Через какое-то время скорость потока словно бы увеличилась. Сквозь шум воды, сквозь плеск волн начал прорываться какой-то необычный звук: словно где-то далеко-далеко гудели самолёты. Тётино лицо стало напряжённым и встревоженным.
— Что это? — спросил я у неё.
Тётя Павлина даже не обернулась: наоборот, подалась вперёд, к чему-то прислушиваясь. А звук всё нарастал и нарастал: что-то гудело и ревело впереди, ненасытно, непрерывно и жутко.

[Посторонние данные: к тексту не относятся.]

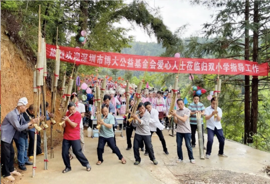 4月21日至22日,深圳市博大公益基金會(huì)理事長(zhǎng)、集團(tuán)董事長(zhǎng)張炳來(lái)前往貴州省黎平縣實(shí)地考察擬捐建學(xué)校場(chǎng)地,并回訪2021年交付當(dāng)?shù)卣褂玫膭?wù)孖小學(xué)。當(dāng)?shù)厝罕娸d歌載舞,熱烈歡迎理事長(zhǎng)張炳來(lái)的到來(lái)。

Берега, до сих пор довольно далёкие, постепенно сходились, и теперь это была уже не глина, в скала. Закрученный жгутом и вспененный, чёрный густой поток бешено мчал нас вперёд. Тётя обернулась к нам, закричала:
— Водопад!
— Я глянул вперёд и увидел острую скалу, треугольником торчавшую из потока. Сразу же за скалой, по обе стороны от неё, поток обрывался и с гулом и рёвом падал вниз. Вода с такой силой била в камень, что аж вспучивалась, и огромная шапка жёлтой пены всё время плясала на этом месте, а дальше плыло марево, и в нём всё плясало и тряслось: и скала, и берег.

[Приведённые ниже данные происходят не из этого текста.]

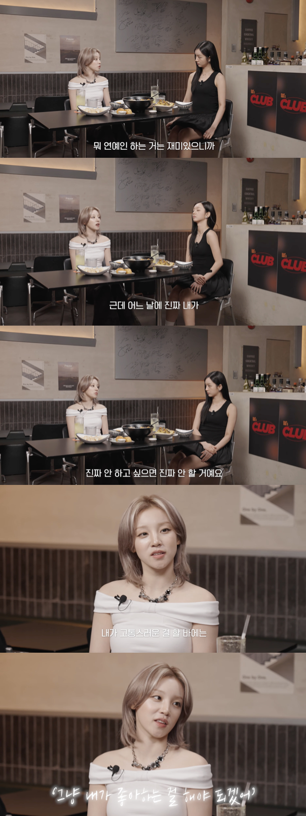 그는 "아직 연예인 하는거 재밌으니까 한다. 그런데 어느날 내가 재미없고, 진짜 안 하고 싶으면 안 할거다. 오래산건 아니지만 인생이 생각보다 짧은 것 같다. 짧은 시간 안에 내가 고통스러운 걸 할 바에는 내가 좋은 걸 할 것"이라고 솔직하게 털어놓았다.

Нас понесло ещё быстрее; огромное дерево, на котором мы плыли, внезапно развернулось и с треском врезалось в скалу. Меня резко тряхнуло, но я удержался. Чувствовал, как вибрирует под ногами могучий древесный ствол, сопротивляясь бешеному потоку, а потом нас снова развернуло, и дерево, зацепившись одним концом за скалу, а другим — за берег, стало поперёк течения. Огромная волна накрыла нас с головой, пытаясь оторвать от ствола, швырнуть прочь…
Тётя Павлина что-то кричала, но я ничего не мог разобрать, так страшно ревела вода. Тогда она показала рукой в сторону берега.
Я глянул туда: наше дерево, зацепившись ветвями за берег, медленно сползало вниз. Ещё несколько минут — и течение снова подхватит его, бросит в водопад. А впереди, перепрыгивая с ветки на ветку, пробиралась к берегу тёмная фигура Жорки.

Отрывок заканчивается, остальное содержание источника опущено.